Start of RECORDS FOR THIS EXERCISE
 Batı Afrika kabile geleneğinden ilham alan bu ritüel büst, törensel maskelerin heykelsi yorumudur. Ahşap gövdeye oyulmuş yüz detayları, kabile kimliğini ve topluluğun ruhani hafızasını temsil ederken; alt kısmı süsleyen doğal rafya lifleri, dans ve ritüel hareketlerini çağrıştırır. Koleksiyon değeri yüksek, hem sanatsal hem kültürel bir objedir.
End of RECORDS FOR THIS EXERCISE
Start of RECORDS FOR THIS EXERCISE
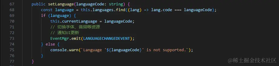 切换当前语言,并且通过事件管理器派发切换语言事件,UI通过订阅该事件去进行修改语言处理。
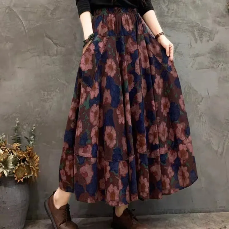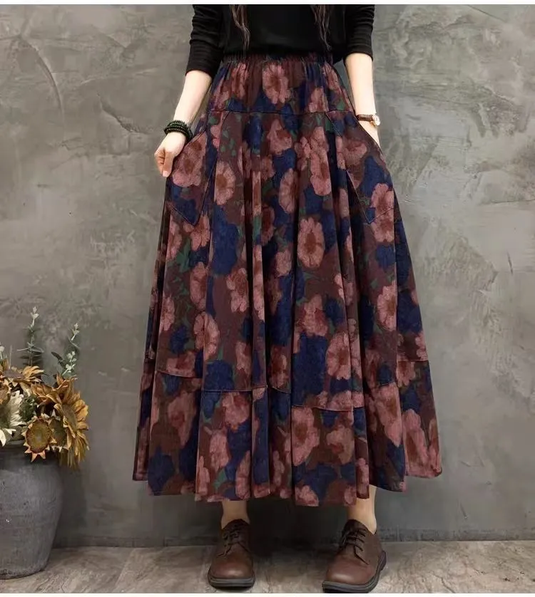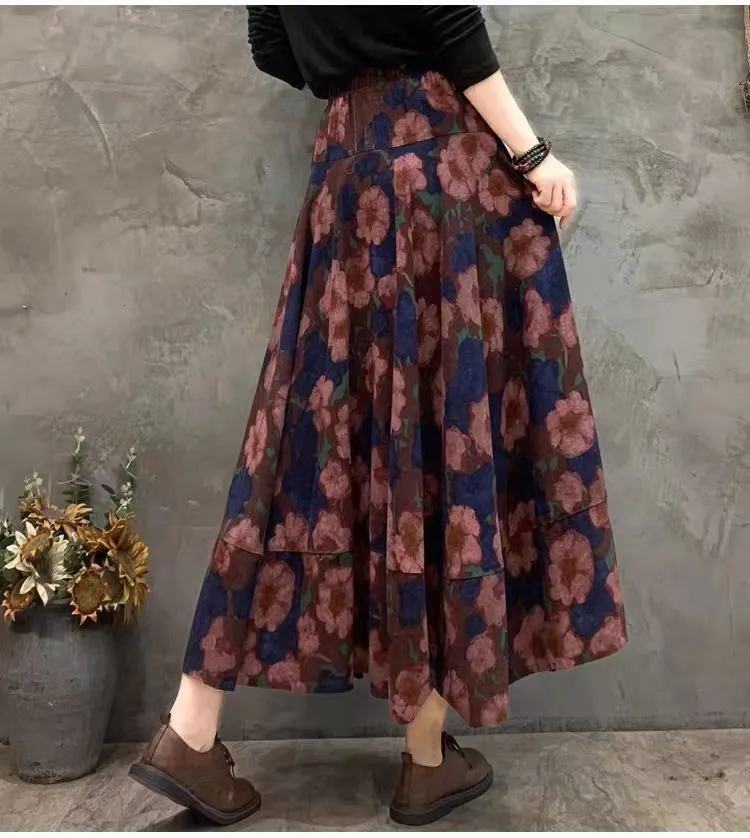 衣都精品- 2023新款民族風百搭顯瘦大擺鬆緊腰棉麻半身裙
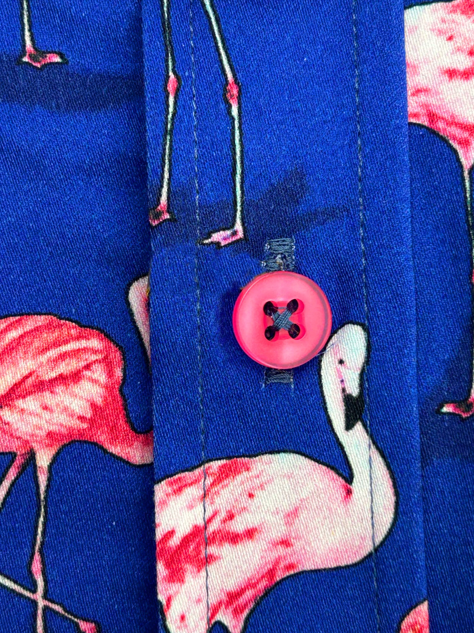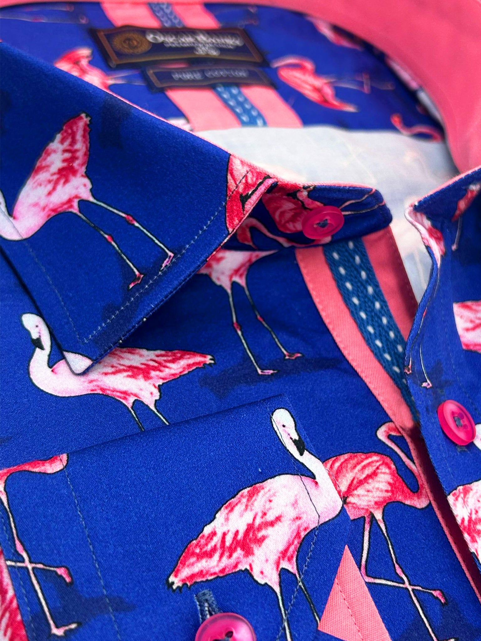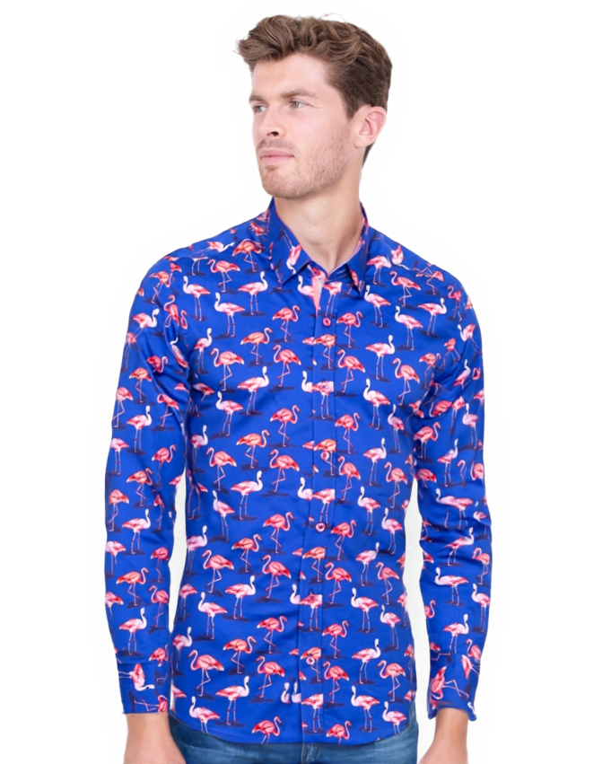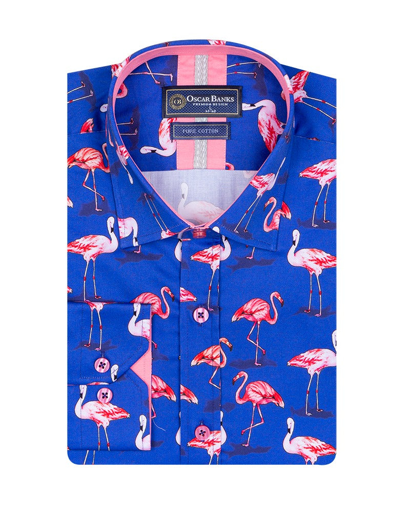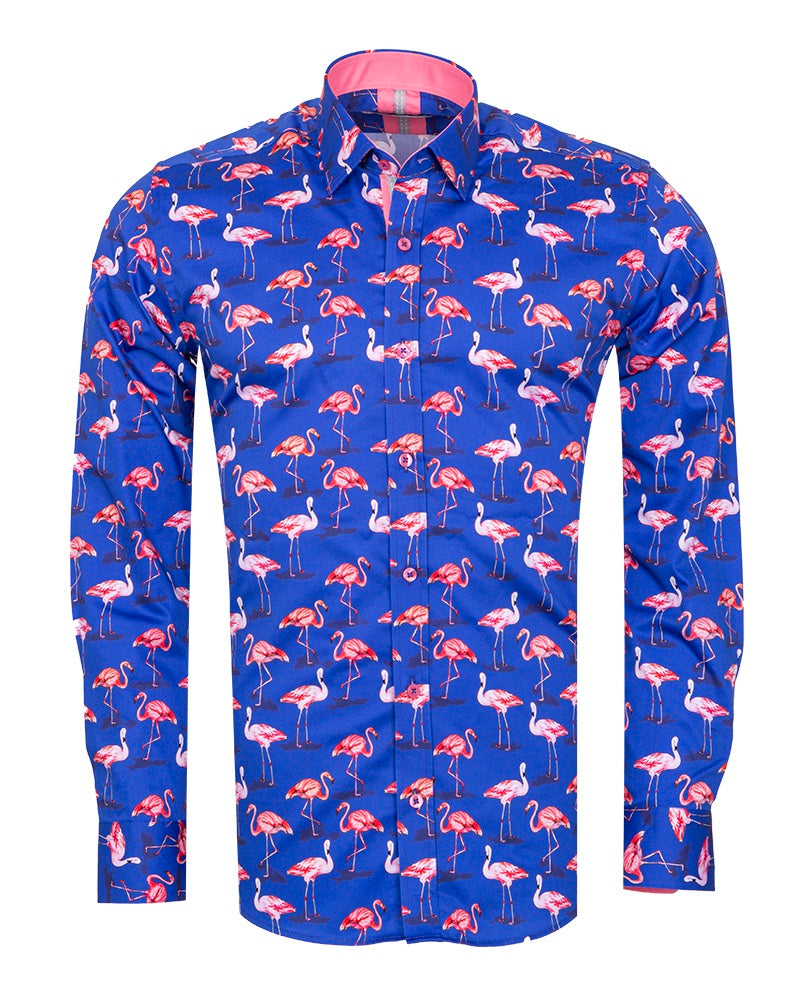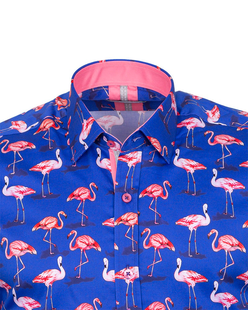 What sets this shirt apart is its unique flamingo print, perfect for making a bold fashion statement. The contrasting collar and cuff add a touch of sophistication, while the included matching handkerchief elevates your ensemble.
End of RECORDS FOR THIS EXERCISE
PROBLEM STATEMENT: "衣都精品- 2023新款民族風百搭顯瘦大擺鬆緊腰棉麻半身裙" marks the first line to copy, and "What sets this" marks the last. Repeat that stretch above exactly, with no pictures.

ANSWER FOR THE TASK:
 衣都精品- 2023新款民族風百搭顯瘦大擺鬆緊腰棉麻半身裙
 What sets this shirt apart is its unique flamingo print, perfect for making a bold fashion statement. The contrasting collar and cuff add a touch of sophistication, while the included matching handkerchief elevates your ensemble.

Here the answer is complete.